Asylum — the honest picture
Many queer Iraqis ask about asylum abroad. Here is what we have learned:
Asylum is real, possible, and very difficult. The countries with established queer asylum processes (Germany, Netherlands, Sweden, Canada, Australia, US — though US is increasingly closed) require you to:
- Physically reach their territory or an embassy in a third country. This is the hardest part. Most asylum cannot be applied for from inside Iraq.
- Make a credible case that you are queer and that returning to Iraq would mean serious persecution. This requires evidence, witnesses, and consistent testimony over many interviews.
- Wait. The asylum process takes months to years. You will be in legal limbo, often without permission to work, during this time.

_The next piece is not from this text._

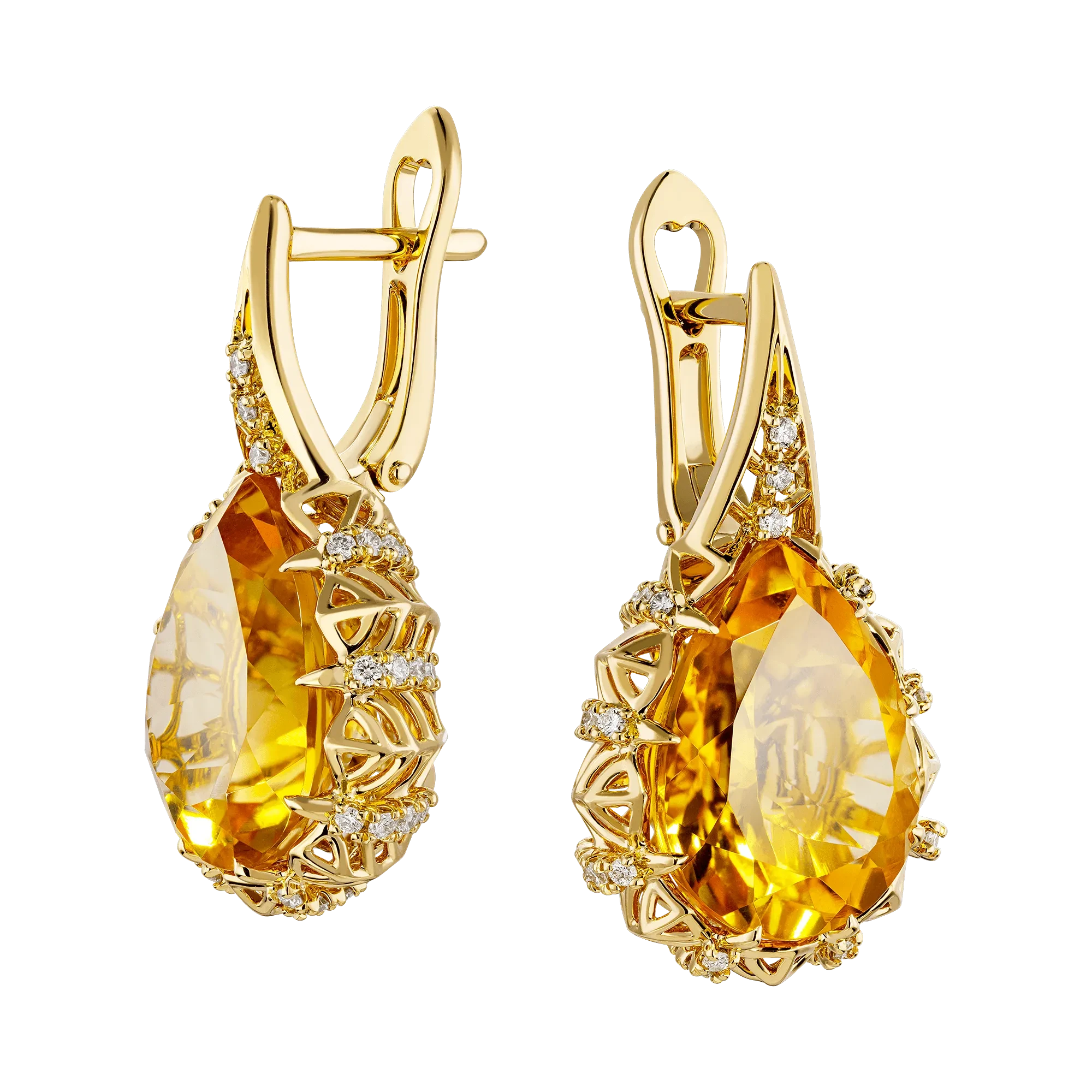 В притягательном образе украшения, созданного в соответствии с канонами роскошной классики, сразу выделяются два крупных цитрина, которые ювелиры мастерски обрамили завораживающим узором. Частью авторского ажура стала монограмма уральского бренда и многочисленные бриллианты, свежим блеском оттеняющие пылающую ярким светом глубину медового дуэта.

Most queer Iraqis who escape go through:
- Turkey — most accessible by land, but increasingly hostile to refugees. UNHCR processing is slow.
- Jordan or Lebanon — possible but limited queer-affirming infrastructure.
- Direct flight to Germany or Northern Europe with a visa, then claiming asylum on arrival. This requires getting a visa, which is itself difficult.
The collective has connections to a small number of organizations abroad that help with the asylum process. We do not list them here for their safety. If you are seriously considering this path, reach out, and we will share what we can.
A note: Not everyone wants to leave Iraq. Many of us have family, friends, language, and home here, and the cost of leaving is enormous. Asylum is one option, not the only option. Some people find safety inside Iraq through community networks. We will not push you in either direction.
After surviving
If you have survived a serious incident — physical violence, a forced marriage attempt, a flight from home — the days and weeks after are also dangerous.
- Family searches. Your family will likely look for you. They may use private investigators, contact your friends, monitor social media, or try to track you through your phone.
- Trauma. What you have just survived will not feel real for some time, and then it will feel too real. This is normal. Find someone to talk to.
- Practical needs. Food, shelter, money, ID. Community can help with some of this.
The collective can help with: safe-house referrals (limited), connecting you with community in your destination city, mental health support, and asylum guidance. We cannot offer money beyond emergency-level help, and we cannot offer legal services.
A closing note
Reading this page is itself a form of safety planning. Most people do not plan because they think it cannot happen to them, or because thinking about it is too painful. If you have made it to the bottom of this page, you have done something brave and important.
You deserve safety. You deserve to live. The violence done to queer Iraqis is not your fault and not your shame. We are here.